Melioidosis is caused by the gram-negative saprophyte B. pseudomallei, and is a disease of public health importance in Southeast Asia. Melioidosis predominantly affects people whom had contact with soil and water. The commonest routes of B. pseudomallei infection are thought to be inoculation, inhalation and ingestion [2]. The disease can affect a spectrum of organs, and its clinical manifestations can range from localized abscesses to acute pneumonia, and fulminant septic melioidosis [3-5]. Once infected, it may remain dormant and become active after months, years or decades when host is immunocompromised by drugs (steroids) or systemic diseases (diabetes mellitus and chronic renal failure) or social deprivation (alcoholism, drug abuse, and occupational exposure) [6]. Our patient is immunocompromised as she has a very poorly controlled diabetic status (HBA1c: 11.7%) which predisposed her to the disease. Although melioidosis can affect any part of the body, it is somewhat surprising that there are only a handful of reports involving melioidosis in ENT [7]. Head and neck infections normally arise mainly from Klebsella pneumoniae, Streptococcus, Staphylococcus, Haemophilus, or other anaerobic species, and infection by B. pseudomallei, is rare. A retrospective analysis of 158 cases of neck abscesses has been done by Lee et al showing that K. pneumoniae (13.7%) was the most common pathogen among the positive cultures, followed by Streptococcus viridans (12.3%), methicillin-sensitive Streptococcus aureus (MSSA) (11.0%), and α-hemolytic Streptococcus (8.2%). Mixed infection reached 9.6% [8].
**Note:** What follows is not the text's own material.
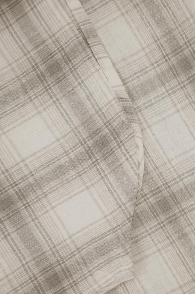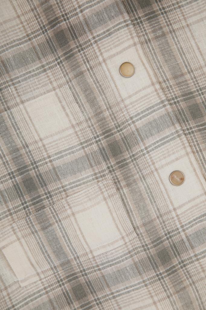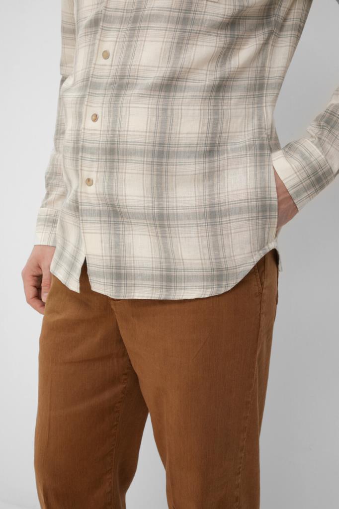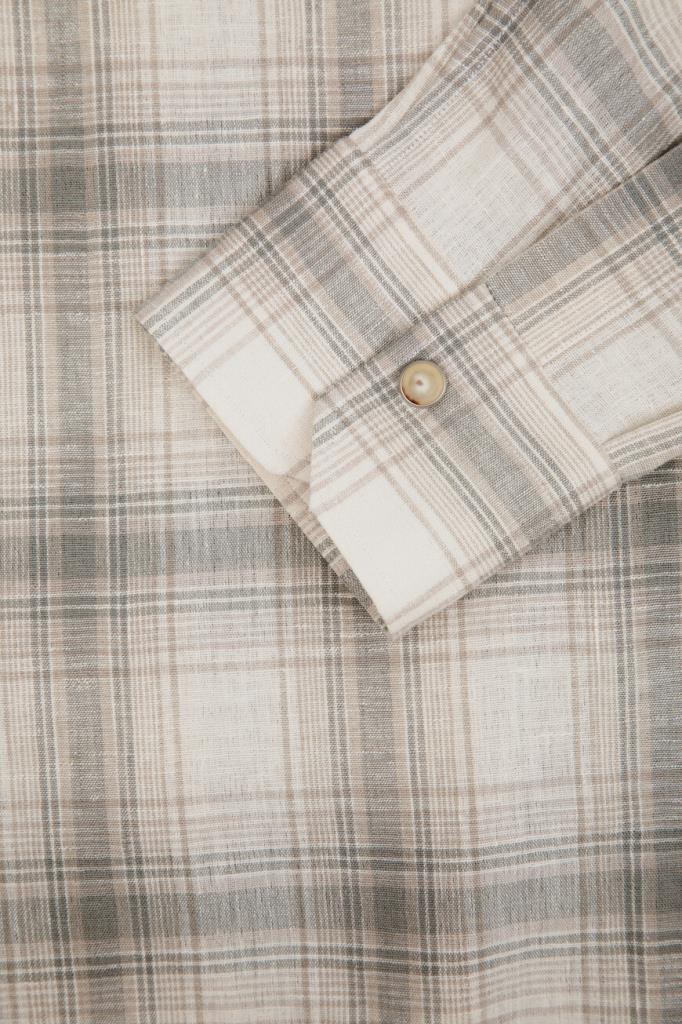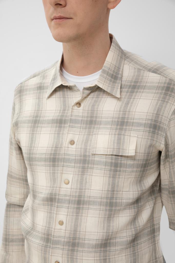 Рубашка Kiton с трёхцветным геометрическим мотивом в крупную клетку. Конструкция изделия из мягкого трикотажа на основе прочного эластичного полиэфира и льна характеризуется прямым силуэтом и наличием длинных рукавов с манжетами на клёпке. В модели предусмотрены три кармана: нагрудный накладной с клапаном слева и два основных в боковых швах. Рубашка с закруглённым низом комфортно садится по фигуре и с лёгкостью сочетается с другими предметами мужского casual-гардероба.

In our case, a diagnosis of neck abscess secondary to dental origin was made initially. When the culture had grown B. pseudomallei, the patient was immediately put on intravenous ceftazidime and it prevented the formation of a second abscess in the left submandibular region, the drainage of the abscess and a sensitive antibiotic is of prime importance in the management of melioidosis for the fear of progression to a fulminant course.
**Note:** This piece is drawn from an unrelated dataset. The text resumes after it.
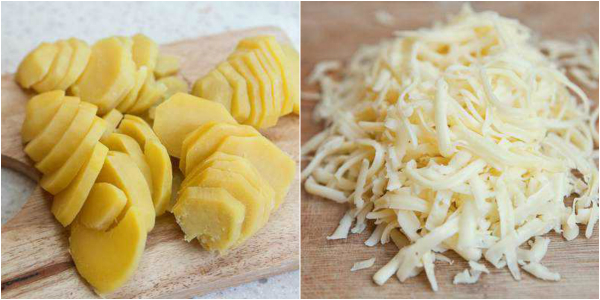 Naczynie żaroodporne lub formę do pieczenia dokładnie nasmaruj olejem. Ułóż w nim warstwowo plastry cebuli, następnie lekko rozbite mięso. Kolejno ułóż na wierzchu plastry ziemniaków w taki sposób, aby dokładnie pokryły mięso.

Ceftazidime is the drug of choice in systemic melioidosis. Ceftazidime (120 mg/kg/day) has shown to reduce the mortality significantly in severe melioidosis [9].

Ceftazidime then became the drug of choice for initial intensive therapy for melioidosis. Another study from Thailand showed similar results when ceftazidime was used in combination with cotrimoxazole for initial intensive therapy; they recommend ceftazidime and cotrimoxazole as the drugs of choice for treatment of severe melioidosis, especially in those patients with disseminated septicemia [10]. A randomized trial by Chetchotisakd et al found reduction in mortality on using a combination of ceftazidime and cotrimoxazole [11]. Following initial intensive therapy, using ceftazidime, imipenem or meropenem, possibly in combination with cotrimoxazole, subsequent eradication therapy is compulsory for preventing relapse of melioidosis. Our patient was prescribed oral doxycycline 100 mg twice daily for a planned duration of 4 months. Conventional treatment of melioidosis abscess includes surgical drainage of abscess and appropriate intravenous antibiotics for a minimum of 2 weeks [7].

Conclusion

We described a case of neck abscess caused by B. pseudomallei in a patient with poorly controlled diabetes mellitus, who was treated with surgical drainage and antibiotics. The moral of the story is neck abscess by B. pseudomallei which is a rare disease, but an important differential diagnosis of neck abscess in patients with risk factors.